Pourquoi tant de poids ? Parce qu’ici, chaque centimètre compte. Dans la pente abrupte de Val di Sole, il suffit parfois d’un rebond un peu trop haut pour basculer par l’avant. Ajouter du poids permet d’ancrer le vélo au sol, mais aussi d’en atténuer les envolées de la roue arrière… Donc de gagner en stabilité dans les enchaînements les plus chaotiques et éviter le pire, certainement… 

Mais cette pratique soulève aussi des questions. En sport auto, il existe un poids minimum réglementaire voiture + pilote + équipement. Si l’ensemble est plus léger, on compense avec du lest, mais avec la liberté de choisir où le placer. On ne dit pas que le VTT de Descente doive adopter la même logique… Il n’est ici pas question d’un véhicule mu par un moteur et dont le rapport poids/puissance soit primordial. En Descente, le travail du poids reste la première force qui procure le mouvement… mais au vu des écarts de masse embarquée et de l’importance stratégique du placement du poids, une réflexion réglementaire ou scientifique pourrait peut-être s’ouvrir à ce sujet, pour nous éclairer sur les intérêts et limites de chaque solutions/profils…

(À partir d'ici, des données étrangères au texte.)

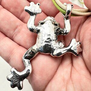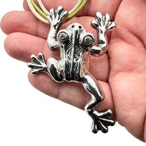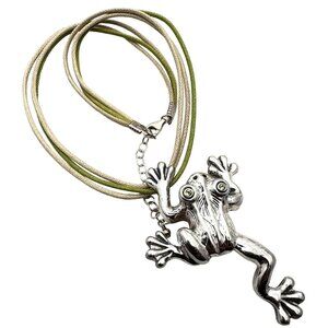 Designer SX Womens Necklace Sterling Silver Green Peridot Frog Pendant on Cord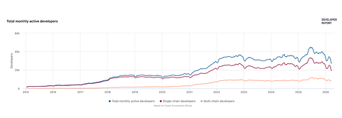 Monthly number of active crypto developers as of the end of March 2026. Source: Electric Capital.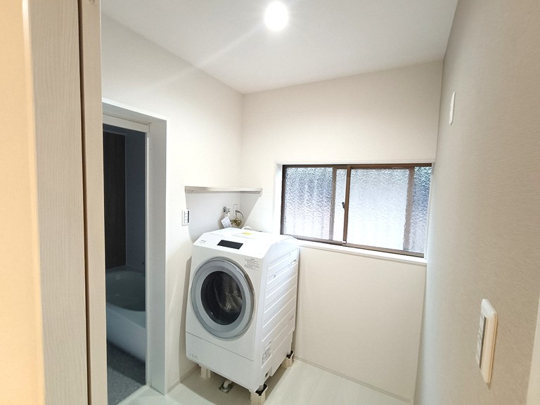 リフォーム後は、脱衣所のスペースを広げたことで、洗濯機を設置しても十分なゆとりが生まれました。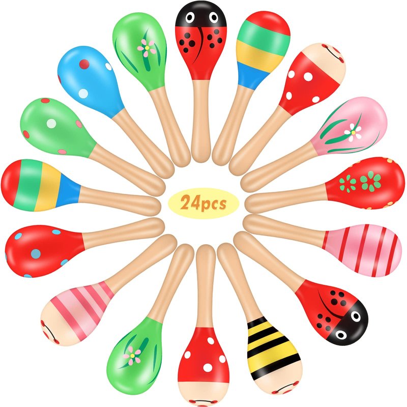 - Moderate Sizes and Assorted Colors: each wooden maracas measures approx. 4.72 x 1.18 inches, suitable size for easy handle; Besides, there are 12 different kinds of styles for you to choose from, colorful and adorable, bringing a lot of fun to your parties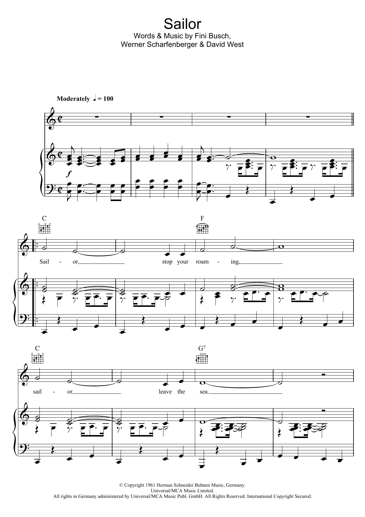 Download or print Anne Shelton Sailor sheet music, chords and digital score arranged for Piano, Vocal & Guitar Chords. This Standards score includes 3 page(s).

🔥 Les favoris de la course

Chez les filles, Gracey Hemstreet arrive à Val di Sole avec un double capital : la dynamique de deux victoires consécutives, et un pilotage de plus en plus délié d’autant qu’ici, elle a déjà marqué les esprits par le passé. Mais attention, Vali Höll reste une menace constante : explosive, précise, et toujours en quête de ce retour au sommet qui lui échappe depuis plus d’un an. Dans ce décor brutal, peut-elle faire la différence ? À moins que Tahnée Seagrave crééait de nouveau l’évènement ! Après un début de saison tonitruant, elle semble être moins à l’aise dans la peau de la chassée. La voilà redevenue chasseuse… ET c’est ici-même, l’an passé, qu’elle avait signé son grand retour. Ne la sous-estimez jamais à Val di Sole.

Côté garçons, Jackson Goldstone fait figure d’homme à battre. Deux victoires de rang, un style incisif, et des nerfs d’acier : le Canadien impressionne. Dans son sillage, Loïc Bruni, solide leader du classement général, veut prouver qu’il peut lui répondre même dans la pente brute, après les signes plus qu’encourageants vus dans le bois du bas à Leogang. Et Amaury Pierron, qui avait écrasé la course ici l’an passé, reste une référence sur ce terrain. Laurie Greenland, de retour dans le top 5 à Leogang, connaît bien la Black Snake. C’est ici qu’il s’est souvent révélé le plus tranchant. Et puis, il y a les outsiders affûtés, prêts à déclencher l’étincelle : Loris Vergier, en pleine montée en régime et victorieux ici il y a quelques années, ou Finn Ilesdéjà sur le podium ici en 2024, et en quête d’un rebond après un début de saison compliqué, trop peu de temps passé sur le vélo suite à une blessure au dos durant l’hiver… À moins que, qui sait ? Un McNab ou un Dunne, sans pression, peut très bien venir tout bouleverser. Car à Val di Sole, il suffit d’un run parfait pour réécrire l’histoire.